Henry Holden Huss (June 21, 1862 in Newark, New Jersey - September 17, 1953 in New York City) was an American composer, pianist and music teacher. Huss grew up in New York City, the son of German immigrant parents. After studying piano and organ locally with a teacher who had trained at the Leipzig Conservatory, Huss traveled to Munich to study at the Royal Conservatory with Josef Rheinberger. His fellow students at the Royal Music School in Munich included Arthur Whiting and Horatio Parker. After graduating, he returned to the States and embarked on a career as a touring piano virtuoso. As a composer, he was regarded as one of the best of his generation by those who counted, but it was at a time when American composers could rarely get a hearing for their works.

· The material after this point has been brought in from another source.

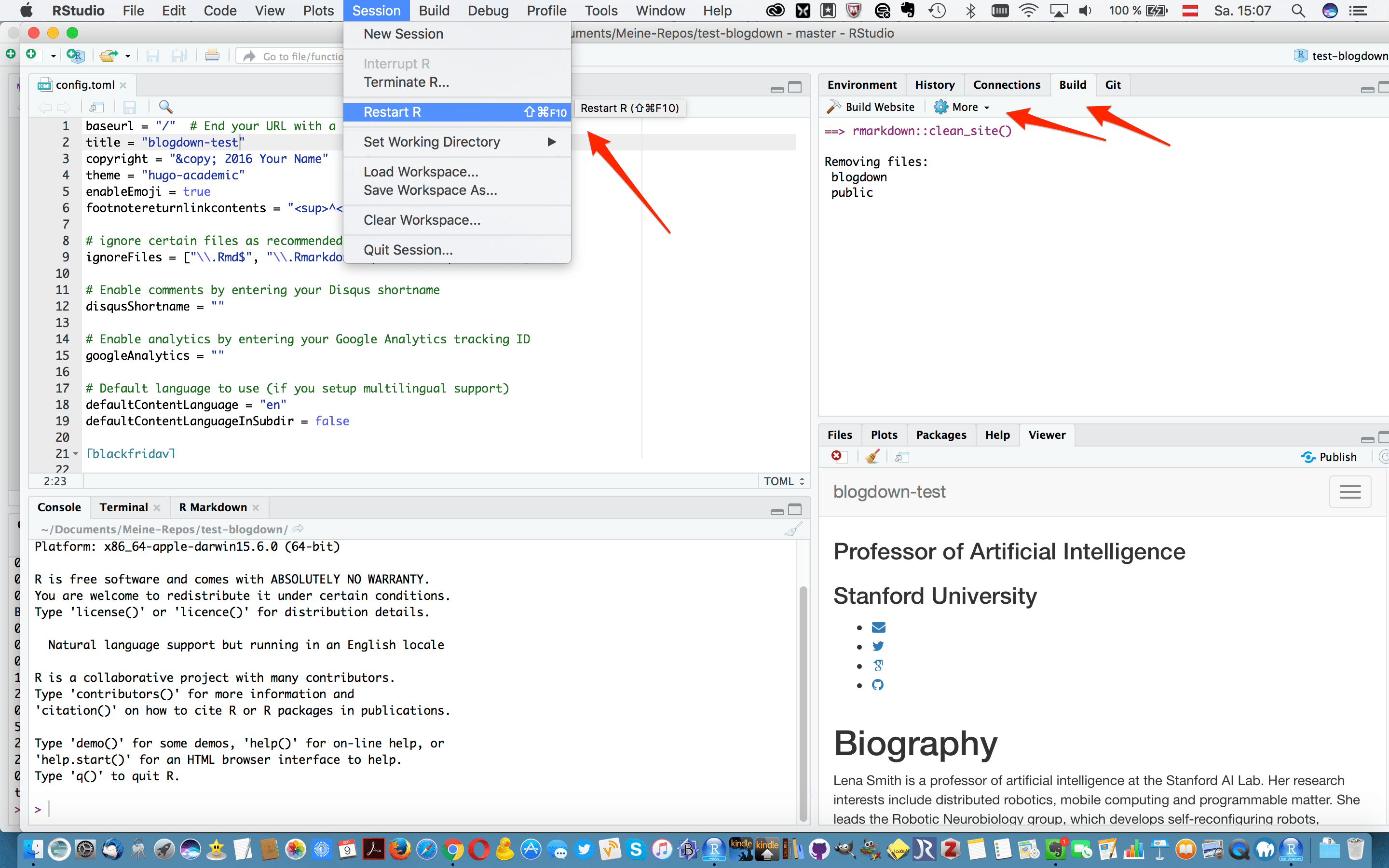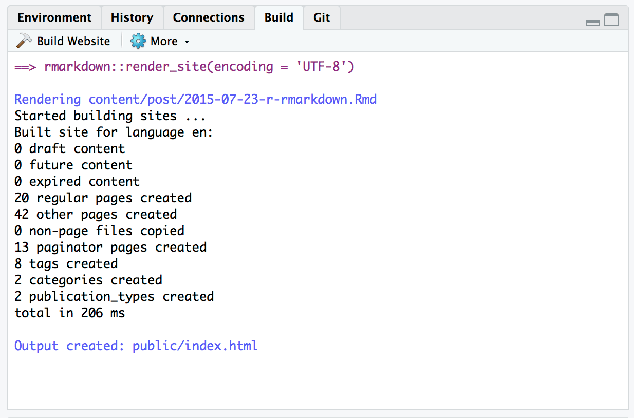 Clean up: Before we are going to rebuild the complete site, I recommend to take some precaution. To rebuild from a clean slate I restart R (Under the RStudio menu ‘Session’ or CMD-Shift-F10 on MacOS.) and clean up all unnecessary files (‘Clean All’ in the ‘Build’ tab under the ‘More’ menu in the upper right pane.)

An exhaustive study of Huss' life and music, with a complete catalog of compositions, has been published: Henry Holden Huss: An American Composer's Life, by Gary A. Greene (1995, Scarecrow Press (Metuchen NJ and London)), ISBN 0-8108-2842-1.

His niece was philosopher Helen Huss Parkhurst.

== Works ==
His 1886 Piano Trio in D minor, Op. 23, subtitled "The Munich" and dedicated to Rheinberger, was premiered with considerable acclaim and a number of other performances followed. However, the work remained unpublished until 2008 when Edition Silvertrust brought out the world premiere edition. It was edited by Skyler Silvertrust and The Rawlins Piano Trio, who in 2004 made the world premiere recording of it. Huss' String Quartet, Op. 31, dedicated to Mrs. Frederick Coolidge, was published in 1921 by G. Schirmer Inc., New York, for the Society for the Publication of American Music (S.P.A.M.). Huss was a founder of the American Guild of Organists.

The British label Hyperion released a recording of his Piano Concerto in B major, Op. 10, as part of their Romantic Piano Concerto series.